DATA BLOCK —

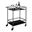 De bar trolley in zwart metaal en houtlookplaten met zwarte afwerking is een eigentijdse toevoeging aan je interieur. Het volledig zwarte design zorgt voor een strakke en stijlvolle uitstraling. Met een afmeting van 68 × 40 × 79 cm en een gewicht van 7,5 kg is de trolley stevig en toch goed verplaatsbaar. De twee planken bieden ruimte voor glazen, drankjes of decoratieve objecten, terwijl de wieltjes zorgen dat je hem eenvoudig naar de gewenste plek kunt rijden. Ideaal tijdens een borrel of etentje, maar ook geschikt als decoratief meubelstuk in de woonkamer of eetkamer. Dit model komt prachtig tot zijn recht in een industrieel, modern of hotel chique interieur.
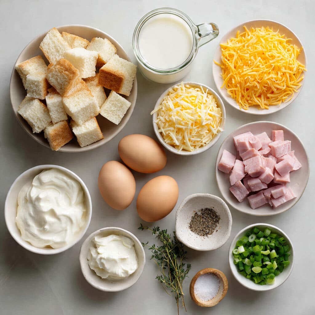 This dish is all about contrasts: the crispy, golden top, the soft, custardy center, and the gooey, cheesy bites tucked inside. The bread edges get crunchy while the middle stays soft and rich. The herbs brighten everything up, and the ham adds savory depth to every forkful.
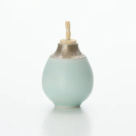 本作の上部には木栓(木の蓋)が設けられており、青白磁と銀彩という“冷たい光”の系譜に、木の温度が一滴差し込まれます。

EXERCISE REQUIREMENTS — Exactly and only the lines from the one holding "This dish is" through the final line of the material must be returned, both ends included, without any pictures.

RESULT OF THIS TASK —
 This dish is all about contrasts: the crispy, golden top, the soft, custardy center, and the gooey, cheesy bites tucked inside. The bread edges get crunchy while the middle stays soft and rich. The herbs brighten everything up, and the ham adds savory depth to every forkful.
 本作の上部には木栓(木の蓋)が設けられており、青白磁と銀彩という“冷たい光”の系譜に、木の温度が一滴差し込まれます。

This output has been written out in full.